REQUIREMENT:
Don't include pictures. Quote the lines below from the first through the line that contains "Chaleco de mezclilla".

INFORMATION PROVIDED:
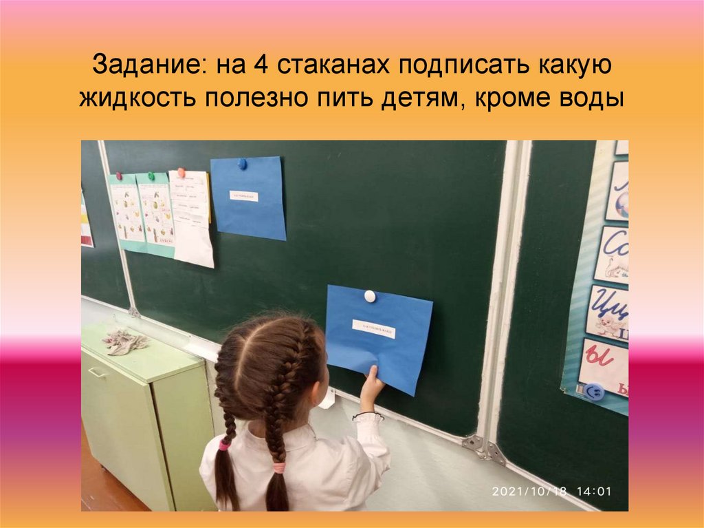 Задание: на 4 стаканах подписать какуюжидкость полезно пить детям, кроме воды
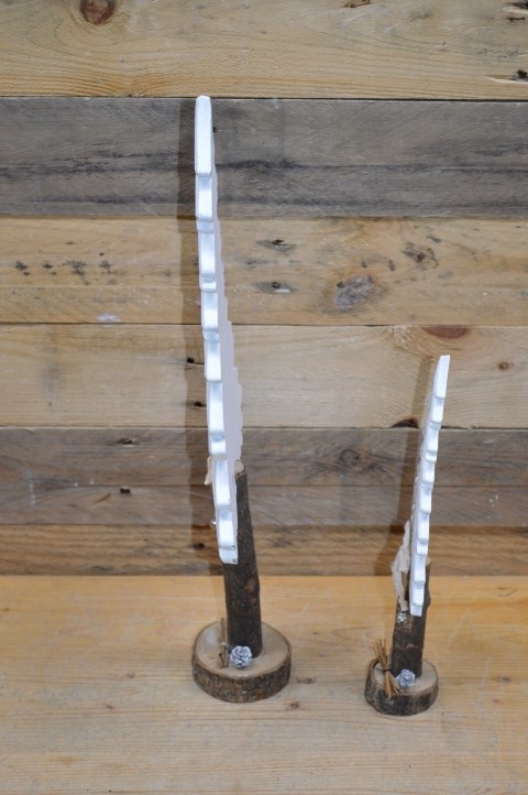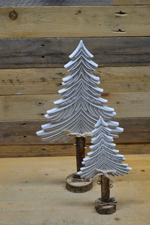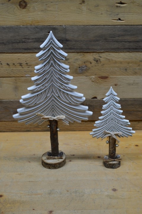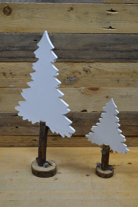 Dennenboompjes van hout, leuke creatieve decoratie die niet alleen met kerstmis gebruikt kan worden. Set van 2, dennenbomen, een grote en een kleine. De mooie natuurlijke kleur van een besneeuwde dennenboom geeft wat gezelligs aan uw kamer.
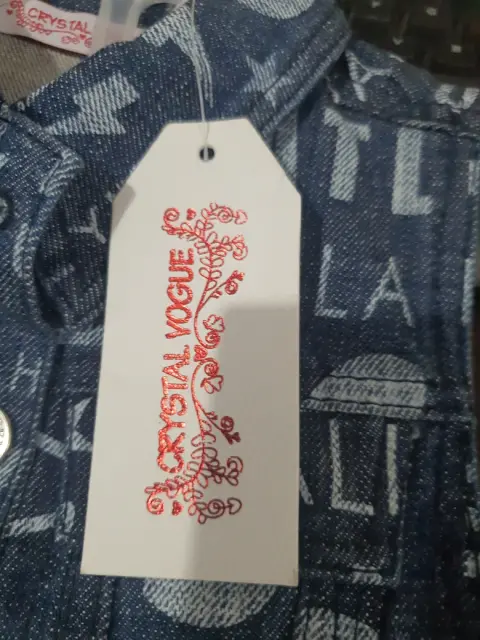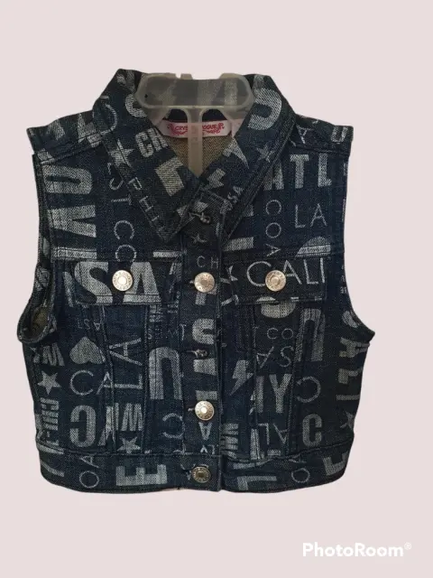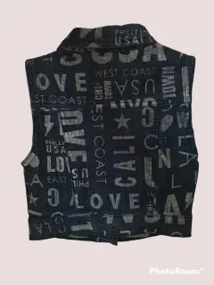 Chaleco de mezclilla talla 4. Marca Crystal Vogue. Estampado de letras en blanco.
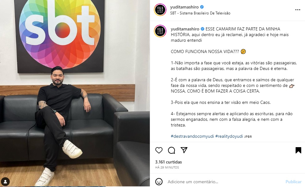 Na publicação, Yudi Tamashiro aparece sentado em seu camarim. Assim, fez algumas confissões: “ESSE CAMARIM FAZ PARTE DA MINHA HISTÓRIA, aqui dentro eu já reclamei, já agradeci e hoje mais maduro entendi”. Sendo assim, deu a entender que o SBT foi mais do que importante em sua vida profissional e, também, pessoal.

SOLUTION TO THIS TASK:
 Задание: на 4 стаканах подписать какуюжидкость полезно пить детям, кроме воды
 Dennenboompjes van hout, leuke creatieve decoratie die niet alleen met kerstmis gebruikt kan worden. Set van 2, dennenbomen, een grote en een kleine. De mooie natuurlijke kleur van een besneeuwde dennenboom geeft wat gezelligs aan uw kamer.
 Chaleco de mezclilla talla 4. Marca Crystal Vogue. Estampado de letras en blanco.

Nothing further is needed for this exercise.